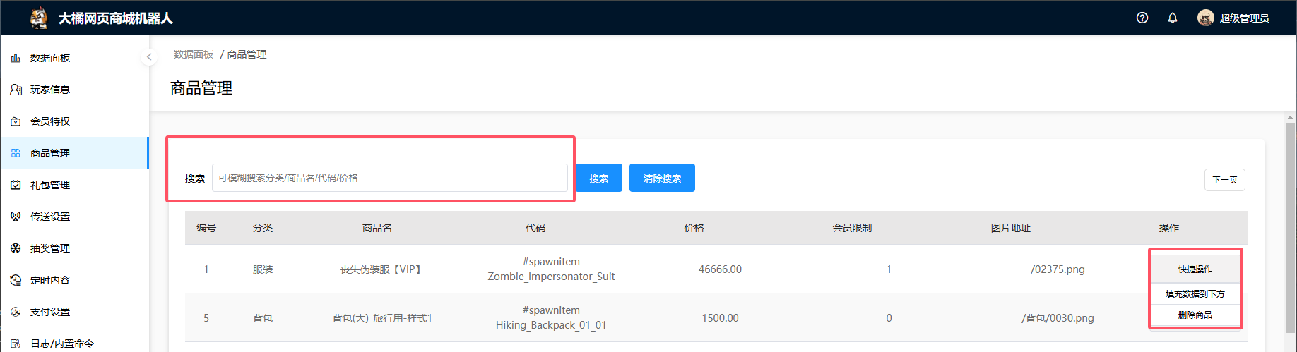 - 填充数据到下方【将你选择的这个商品数据填充到下方商品控制区便于进行编辑和修改】
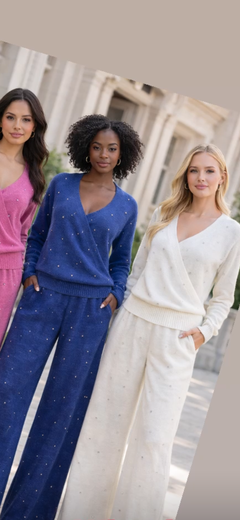White rhinestones wide leg pants sweater set
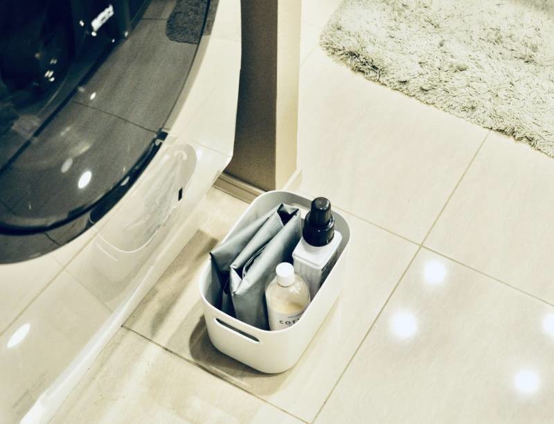 使わない時は畳んで収納。35リットルも入るのに、たたむと洗剤ボトルよりもコンパクトに。以前は、洗濯物を片付けた後に洗濯物入れカゴを持て余していたので、これは助かっています。
++++++++
> TRY IT:
Only the lines from the line with "White rhinestones wide leg pants sweater set" to the bottom of the material above should be reproduced, exactly and without pictures.

> OUTPUT OF THE TASK:
White rhinestones wide leg pants sweater set
 使わない時は畳んで収納。35リットルも入るのに、たたむと洗剤ボトルよりもコンパクトに。以前は、洗濯物を片付けた後に洗濯物入れカゴを持て余していたので、これは助かっています。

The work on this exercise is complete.